Monday, August 2, 2010

Ryan votes against protecting elderly from fraud. At their Age, don't they know how to take care of themselves yet?

Would it come as a surprise to anyone following the Paul Ryan story that he would leave seniors at the mercy of the free market of thieves? We can't rely on government for anything, especially when we're old and frail.
The House of Representatives passed the Senior Financial Empowerment Act. Introduced by Rep. Tammy Baldwin (D-WI), the legislation aims to protect seniors targetted by fraudsters and financial criminals ... nearly one in five seniors are defrauded each year.
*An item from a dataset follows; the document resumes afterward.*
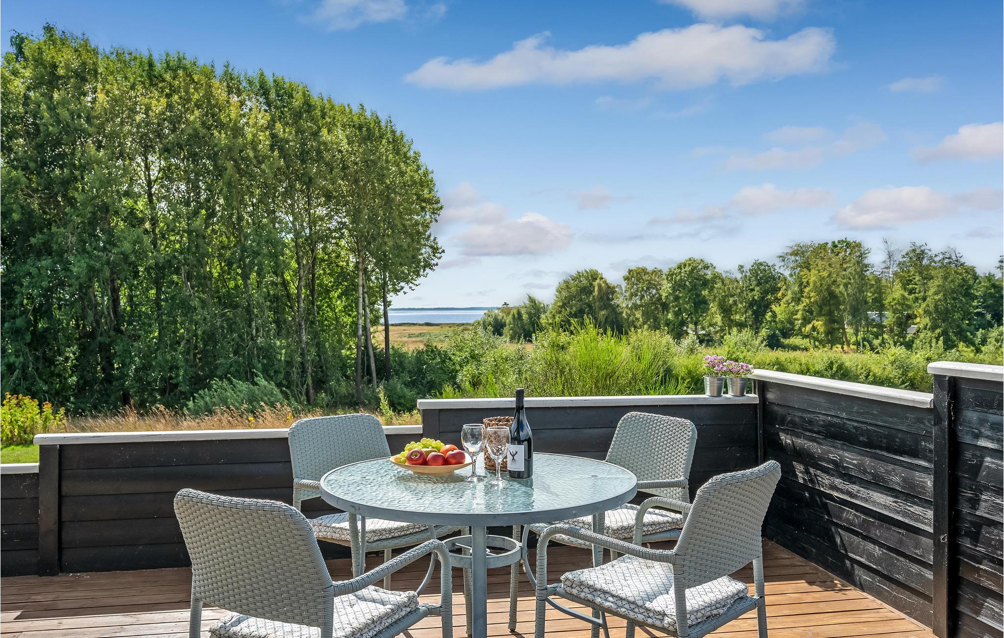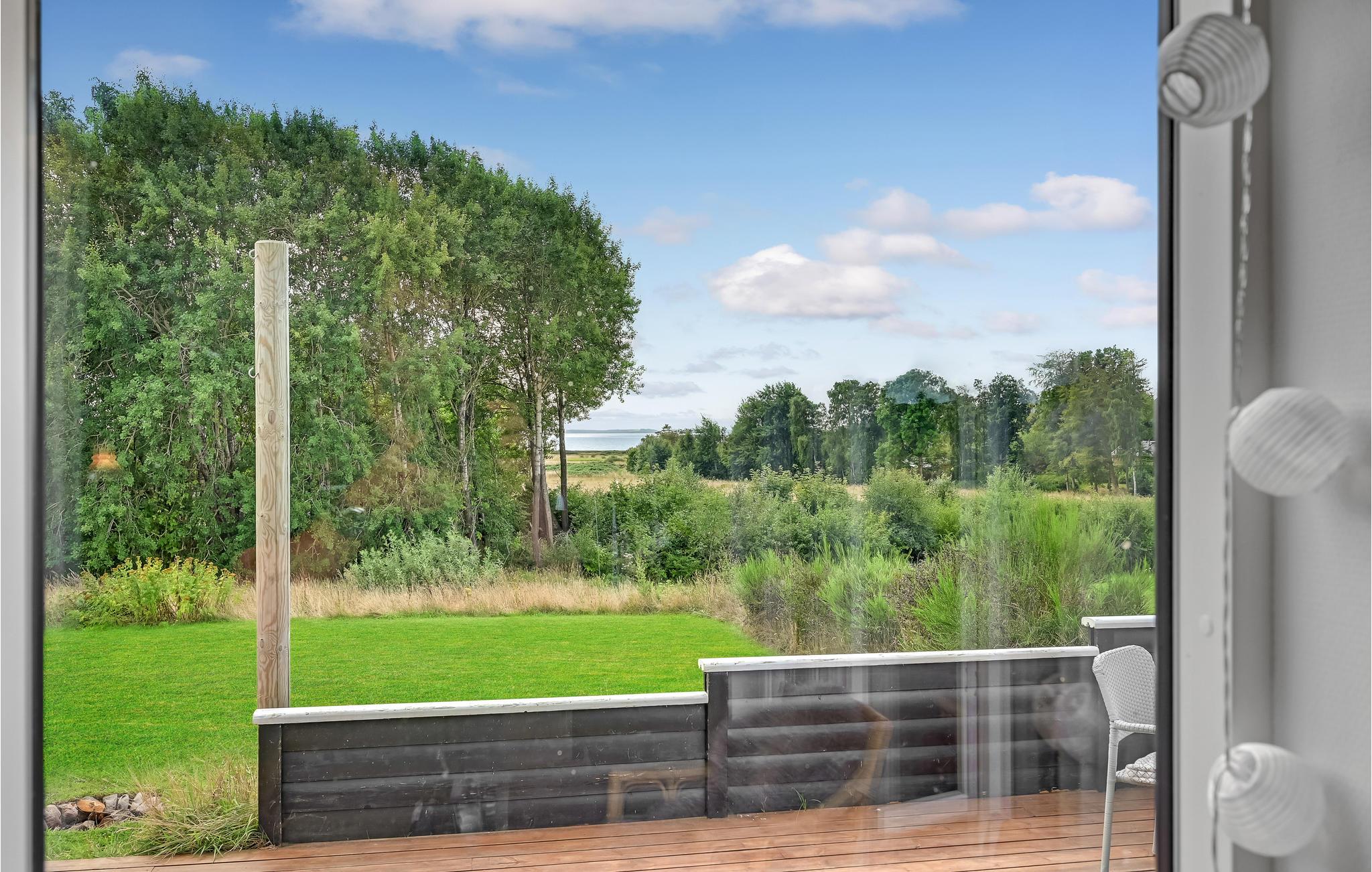 Huset er rummeligt og med stor terrasse, som har direkte udsigt. Der er to solsegl, så på solrige dage kan I skærme af både mod syd og mod vest. Der findes en sti direkte ned til vandet og til en fælles legeplads, ligesom der kun få kilometer fra huset, ligger en naturlegeplads. Hostrup Strand er et hyggeligt område med bl.a. badebro, shelters og gode naturoplevelser. Der er endvidere ikke langt til den lille hyggelige lystbådehavn i Gyldendal, hvor I også finder et godt spisested i sommerperioden. Her har I mulighed for at slappe af, være aktive i naturen og holde ferie i fredelige og naturskønne omgivelser, tæt ved fjord, fugleområder, herregårde, en borg og andre interessante, kulturelle seværdigheder.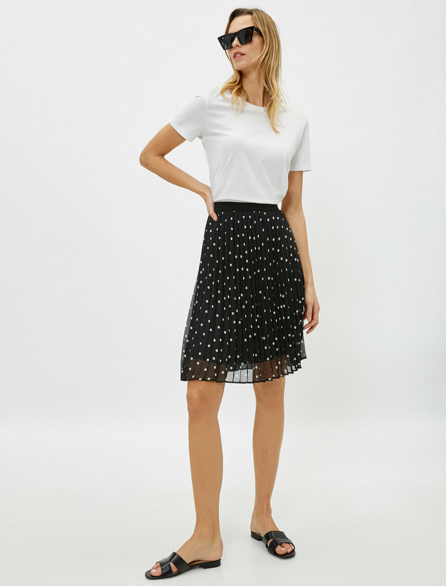 Pileli Etek Puantiyeli Tül

Additionally, according to a report by MetLife Mature Market Institute, "the annual financial loss by victims of elder financial abuse is estimated to be at least $2.6 billion dollars."

With strong bipartisan support ... But 79 Republicans, nearly half of the caucus — including (Paul Ryan)— voted against the legislation.

It's not altogether surprising that Republicans would spurn such federal initiatives — even important and uncontroversial ones — on pure anti-government principles. But sometimes, it leaves many of us scratching our heads. What exactly is the principle behind opposing legislation aimed at protecting seniors from fraud? Do they see it as a government takeover of the "avoid fraud industry"?

Perhaps the "no" votes reflect the firmly-held belief of many conservatives that if someone is swindled, that's just too darned bad; it's not the government's job to protect people from their own mistakes.